Heisenbug: The concurrent exception in the transaction that will only occur if you observe it
Recently we had to tackle a seriously strange bug. A customer reported that under a specific set of circumstances, when loading the database with many concurrent requests, they would get an optimistic concurrency violation from RavenDB.
That is the sort of errors that we look at and go: “Well, that is what you expect it to do, no?”
The customer code looked something like this:
As you can imagine, this code is expected to deal with concurrency errors, since it is explicitly meant to run from multiple threads (and processes) all at once.
However, in the scenario that the user was using, it had two separate types of workers running, one type was accessing the same set of locks, and there you might reasonably expect to get a concurrency error. However, the second type was run in the main thread only, and there should be no contention on that at all. However, the user was getting a concurrency error on that particular lock, which shouldn’t happen.

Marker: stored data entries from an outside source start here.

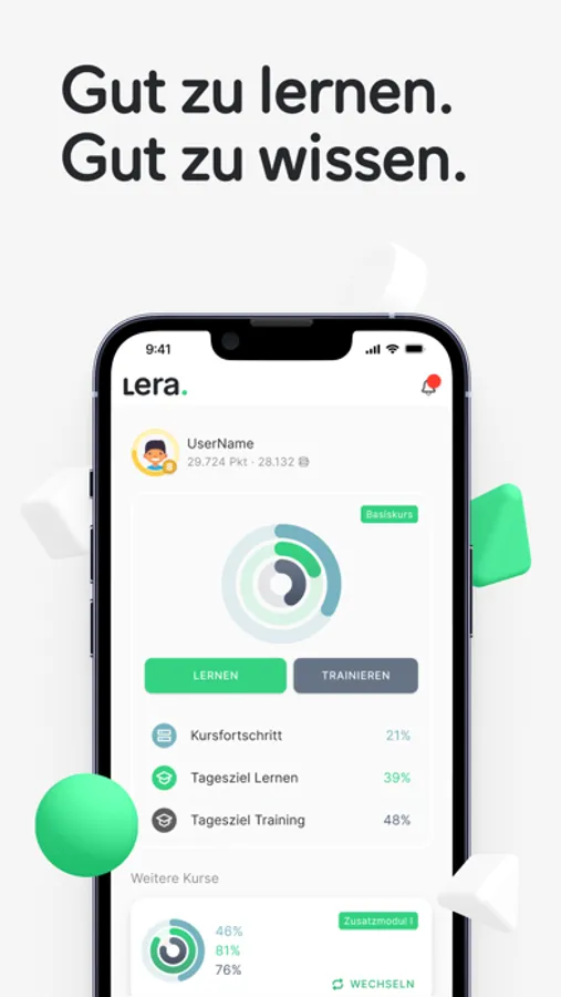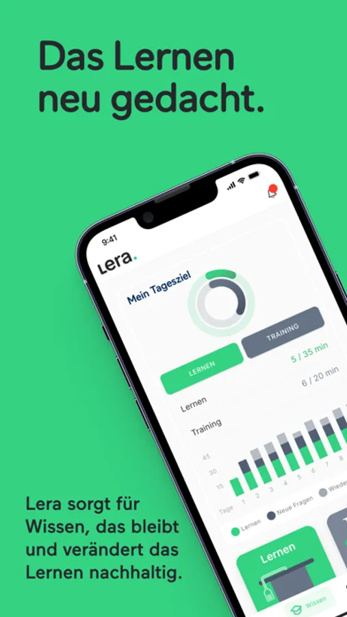 Lera generiert für jede/n User:in einen individuellen Lernplan – je nachdem, wie viel Zeit man sich nehmen will oder welche Lernmethoden man bevorzugt. Innerhalb von Micro-Learning-Einheiten wird das Wissen schlüssig vermittelt und im Rahmen von Spaced Repetition eingängig wiederholt.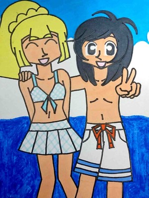 私が書いた短編小説「カルテット・デート」のその後、海で遊ぶヨウとリーリエ、というイメージで描きました。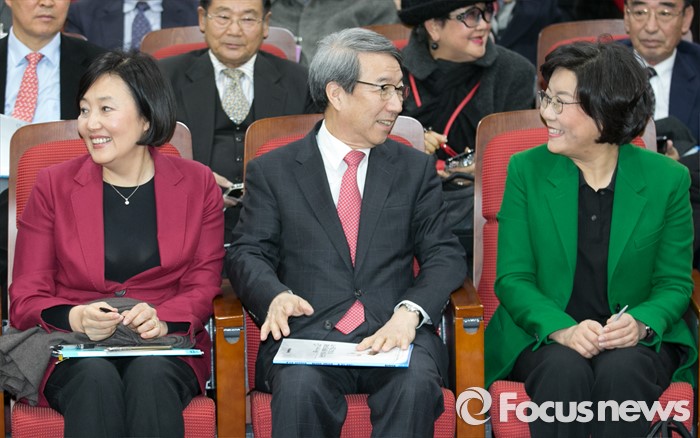 | △ 여성 정치인 사이 자리한 정운찬 전 총리 |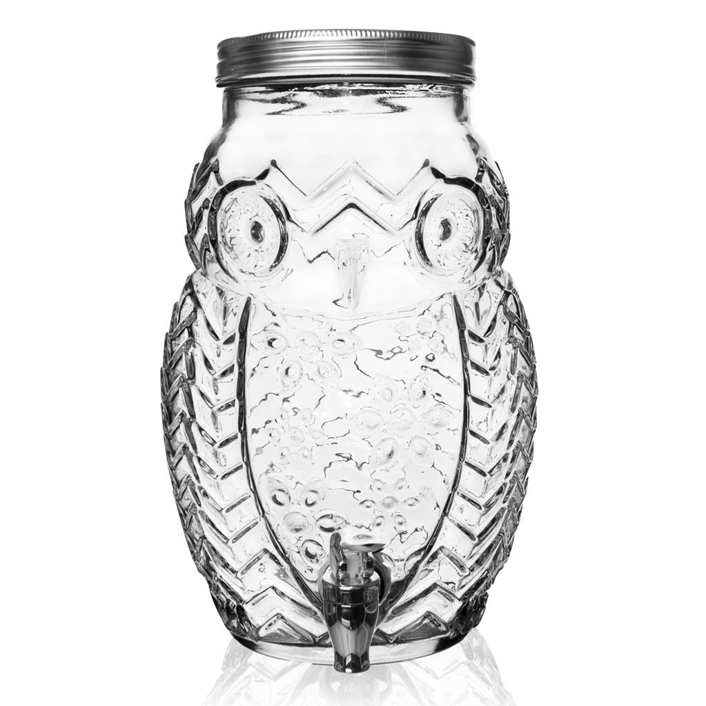 Sklenený nápojový zásobník v tvare sovy predstavuje štýlový spôsob, ako v lete pri záhradných slávnostiach či grilovaní servírovať kokteily, ľadový čaj, domáce limonády a šťavy, ale tiež napríklad aj pivo. Materiál: sklo, kov, plast, silikónové tesnenie. Zásobník nie je vhodný na horúce tekutiny. Rozmery: objem 5,2 l, 19×30 cm.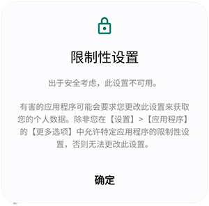 - 联想、摩托罗拉-‘受限制的设置’:长按‘微购精灵’图标-应用信息-右上角三个点-允许受限制的设置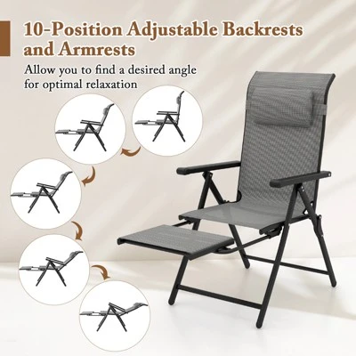 - 10-Position Adjustable Comfort: Featuring 10-level adjustable backrests and armrests, these patio lounge chairs allow you to find a desired angle for optimal relaxation. Whether you are reading, sunbathing, or just relaxing, the sitting or reclining positions meet your varying needs.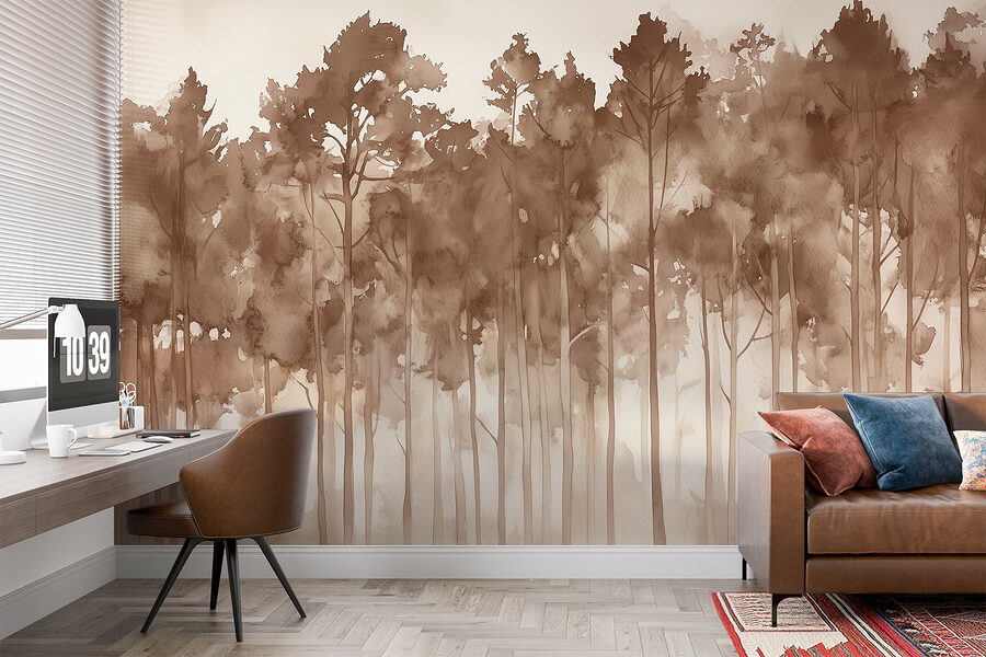 Proměňte stěnu v klidné útočiště pomocí této nástěnné malby “Skupina stromů v mlžném lese”. Představte si, že pokaždé, když vejdete do místnosti, vstoupíte do zasněné lesní krajiny. Jemné akvarelové odstíny vytvářejí uklidňující atmosféru, která jen našeptává klid. Je to jako způsob, jakým vás příroda zabalí do útulného objetí – bez otravných brouků!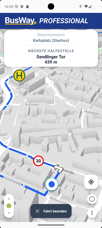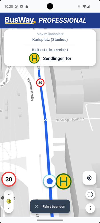BusWay specifically supports you in braking precisely for stops – even with poor visibility or obscured signs.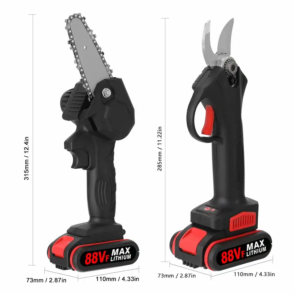 Cutia cu toate accesoriile cântărește 3.5kg. Toate detaliile le găsiți aici. Pe eMAG nu găsești un astfel de pachet cu foarfecă electrică și mini drujbă, doar separat și la prețuri peste 3-500 lei.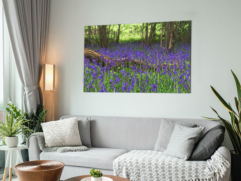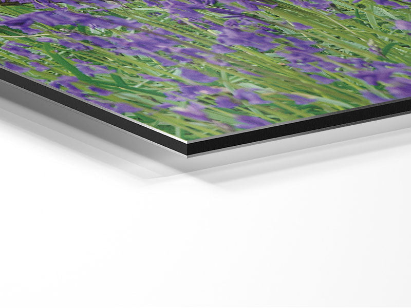 Lila Blumen auf der Wiese Gedruckt auf gebürstetem Aluminium-Dibond. Eine moderne Art, Kunst zu präsentieren und leicht zu pflegen.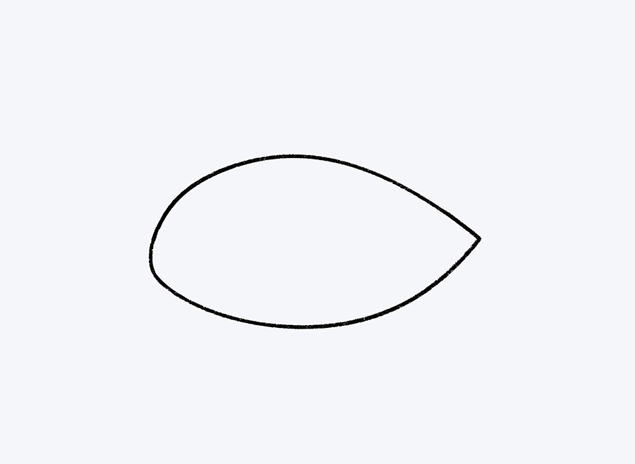Para empezar, dibuja la forma básica del cuerpo. Imagina una gota de agua acostada; esa será la silueta principal.

Looking at the logs, it was even more confusing. Leaving aside that we could only reproduce this issue when we had a high contention rate, we saw some really strange details. Somehow, we had a write to the document coming out of nowhere?
It took a while to figure out what was going on, but we finally figured out what the root cause was. RavenDB internally does not execute transactions independently. That would be far too costly. Instead, we use a process call transaction merging.
Here is what this looks like:
The idea is that we need to write to the disk to commit the transaction. That is an expensive operation. By merging multiple concurrent transactions in this manner, we are able to significantly reduce the number of disk writes, increasing the overall speed of the system.
That works great, until you have an error. The most common error, of course, is a concurrency error. At this point, the entire merged transaction is rolled back and we will execute each transaction independently. In this manner, we suffer a (small) performance hit when running into such an error, but the correctness of the system is preserved.
The problem in this case would only happen when we had enough load to start doing transaction merging. Furthermore, it would only happen if the actual failure would happen on the second transaction in the merged sequence, not the first one.
Internally, each transaction does something like this:
Remember that aside from merging transactions, a single transaction in RavenDB can also have multiple operations. Do you see the bug here?
The problem was that we successfully executed the transaction batch, but the next one in the same transaction failed. RavenDB did the right thing and execute the transaction batch again independently (this is safe to do, since we rolled back the previous transaction and are operating on a clean slate).
The problem is that the transaction batch itself, on the other hand, had its own state. In this case, the problem was that when we replied back to the caller, we used the old state, the one that came from the old transaction that was rolled back.
The only state we return to the user is the change vector, which is used for concurrency checks. What happened was that we got the right result, for the old change vector. Everything worked, and the actual state of the database was fine. The only way to discover this issue is if you are continue to make modifications to the same document on the same session. That is a rare scenario, since you typically discard the session after you save its changes.
In any other scenario, you’ll re-load the document from the server, which will give you the right change vector and make everything work.
Like all such bugs, when we look back at it, this is pretty obvious, but to get to this point was quite a long road.